マウス株は、デキストラン硫酸ナトリウム誘発性大腸炎に対する血管新生反応に影響します

背景：血管新生は、慢性炎症性疾患の既知の病理学的因子です。マウスデキストラン硫酸ナトリウム（DSS）大腸炎モデルに関して、異なるマウス株は、さまざまな臨床的および炎症反応を生成します。多様なマウス株に適用されるDSS大腸炎は、同様に炎症と並行して結腸微小血管密度を上昇させるが、異なる血管新生プロファイルでそれを行うと仮定します。 材料と方法：129S2/SVPA、BALB/C、およびC57BL/6マウスでDSS大腸炎を誘導し、7日目に組織学的および分子分析を行い、結腸炎症と血管新生を評価しました。 結果：DSSグループでは、炎症と微小血管密度も同様に増加しました。C57BL/6コホートは、25％の体重減少と結腸潰瘍が大きい、より重度の大腸炎をマウントしました。ベースラインおよび大腸炎群での血管新生因子の遺伝子発現は、株の間で大きく変動しました。BALB/Cマウスは、他の株、特に血小板由来成長因子、アンジオポエチン-1、アンジオポエチン-1（Ang-2）、血管内皮成長因子受容体、およびPDGF受容体と比較して、対照およびDSS群でより高い血管新生遺伝子発現を示しました。コントロールに対するDSSの効果を評価する場合、BALB/Cマウスは有意な影響を受けませんでした。129S2/SVPASマウスは、成長因子の広範な抑制、有意に血小板由来成長因子、Ang-2、およびPDGF受容体を示しました。対照的に、C57BL/6マウスは、特にアンジオポエチン-1およびAng-2について、遺伝子発現の増加を示しました。 結論：遺伝的不均一性は、DSS大腸炎によって誘発される血管新生プロファイルに影響を与えます。マウス大腸炎のモデル内では、マウス株が炎症関連の血管新生に大きく影響することを実証します。これらの結果は、炎症と血管新生に焦点を当てた大腸炎モデルを使用する場合、ひずみの選択に影響を与える可能性があります。血管新生経路をさらに定義し、標的化された抗血管新生を伴う潜在的に疾患コースを変化させる将来の研究が保証されます。

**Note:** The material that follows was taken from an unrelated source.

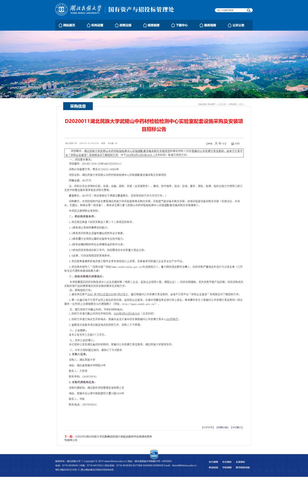 365电子娱乐官方网站武陵山中药材检验检测中心实验室配套设施采购及安装项目招标公告

BACKGROUND: Angiogenesis is a known pathologic factor in chronic inflammatory diseases. Regarding the murine dextran sodium sulfate (DSS) colitis model, different mouse strains produce variable clinical and inflammatory responses. We hypothesize that DSS colitis applied to diverse mouse strains will similarly elevate colonic microvessel density in parallel with inflammation, but will do so with different angiogenic profiles. MATERIALS AND METHODS: We induced DSS colitis in 129S2/SvPas, BALB/c, and C57BL/6 mice, then performed histologic and molecular analysis at day 7 to evaluate colonic inflammation and angiogenesis. RESULTS: Inflammation and microvessel density were similarly increased in DSS groups. The C57BL/6 cohort mounted a more severe colitis with 25% weight loss and greater colonic ulceration. Gene expression of angiogenic factors at baseline and in colitis groups were widely variable among strains. BALB/c mice exhibited higher angiogenic gene expression in control and DSS groups compared with other strains, specifically platelet-derived growth factor, angiopoietin-1, angiopoietin-1 (Ang-2), vascular endothelial growth factor receptor, and PDGF receptor. When evaluating the effect of DSS relative to controls, BALB/c mice were not significantly affected. 129S2/SvPas mice exhibited broad suppression of growth factors, significantly platelet-derived growth factor, Ang-2, and PDGF receptor. In contrast, C57BL/6 mice displayed increased gene expression, especially for angiopoietin-1 and Ang-2. CONCLUSIONS: Genetic heterogeneity influences the angiogenic profile elicited by DSS colitis. We demonstrate that within a model of murine colitis, mouse strain significantly affects inflammation-associated angiogenesis. These results may impact strain selection when using a colitis model focusing on inflammation and angiogenesis. Future studies to further define the angiogenesis pathway and potentially alter the disease course with targeted antiangiogenics are warranted.